It’s a huge source of anxiety for horse owners when spates of yard burglaries seem to be taking place. However, take some comfort from the fact that actual horse theft is far less common than you might think, says Sgt Stuart Grainger, of North Yorkshire’s specialist rural police taskforce.

While general horse theft does occur occasionally, theft of tack is much more common, but there are a number of sensible measures you can take to make your yard safer.

Layers of an onion

Treat your yard’s security like layers of an onion, starting with fences and boundaries.

You need to make it as hard as possible for strange vehicles to gain access as it’s much harder to steal animals or heavy valuables if transport isn’t close by, ready to be loaded.

It goes without saying that all fencing, doors and gates should be 100% secure, and gravel drives can be a very useful auditory deterrent.

Gates should actually be locked.
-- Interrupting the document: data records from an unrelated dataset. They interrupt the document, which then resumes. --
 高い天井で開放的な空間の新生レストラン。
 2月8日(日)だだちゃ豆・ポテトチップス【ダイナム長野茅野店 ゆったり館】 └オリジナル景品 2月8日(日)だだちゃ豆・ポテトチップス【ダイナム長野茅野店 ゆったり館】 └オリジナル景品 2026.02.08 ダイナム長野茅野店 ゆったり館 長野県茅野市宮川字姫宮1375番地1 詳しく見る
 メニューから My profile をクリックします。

Buy anti-lift locks or weld gate pins so that gates can’t be lifted off their hinges even when padlocked.

A determined thief will come in through any weak point of a building, including roofs, skylights and windows, so fitting metal bars to areas like this can help.
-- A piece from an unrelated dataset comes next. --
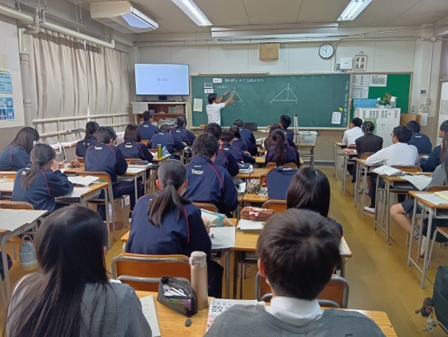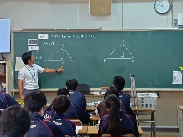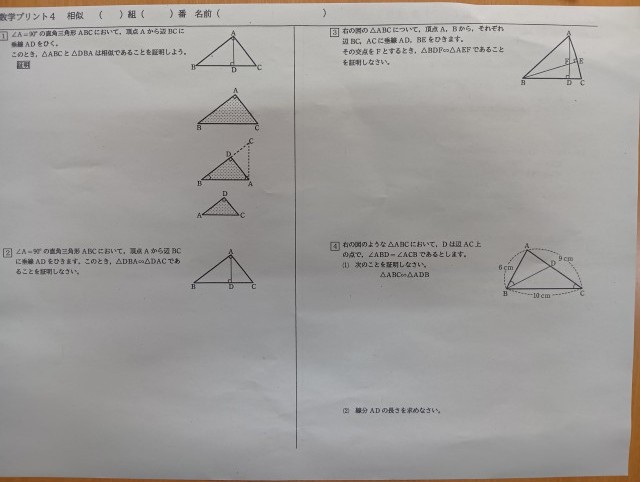 学習内容は「三角形の相似条件」でした。高校入試に必ず出題される三角形の証明問題。合同よりも圧倒的に相似が出ます。しっかり復習しておきましょう。

Your tack room ideally needs to be ‘armour-plated’. Brick or concrete walls and heavy duty mortice locks are advisable – indeed anything less than this may invalidate your insurance.

If your yard facilities don’t include this, check whether there’s at least an alarm and/or CCTV system, and that areas are well lit with security lights.

If you have CCTV, it’s advisable to film the entrances to the property to catch strange vehicles’ number plates.

CCTV cameras are much cheaper these days and many operate using wifi, so if wiring in a camera system is putting you off, there’s now a way around this.

Make sure that cameras are placed well out of reach – even to someone holding a yard brush!

Thieves will grab anything to hand to push the camera away from their activities. They might also spray them with paint to obscure the picture.

Fake it ‘til you make it

If CCTV cameras or other security measures are out of your price range right now, try fitting some dummy cameras instead, or displaying signs about the presence of concealed cameras on the yard.

Mark your territory

Freezemarked horses are visibly more difficult for thieves to sell on as it’s obvious that they can be identified, but freeze marking and microchipping also allows vets, abattoirs and dealers to discover whether an animal has been rightfully sold on.

Painting distinguishing marks onto trailers makes it much easier for police to spot them if the theft is reported early on.

Painting the postcode on the roof is a useful tactic, but never have the address of where the trailer is kept on the vehicle as this will tell thieves where something that has caught their eye can be found.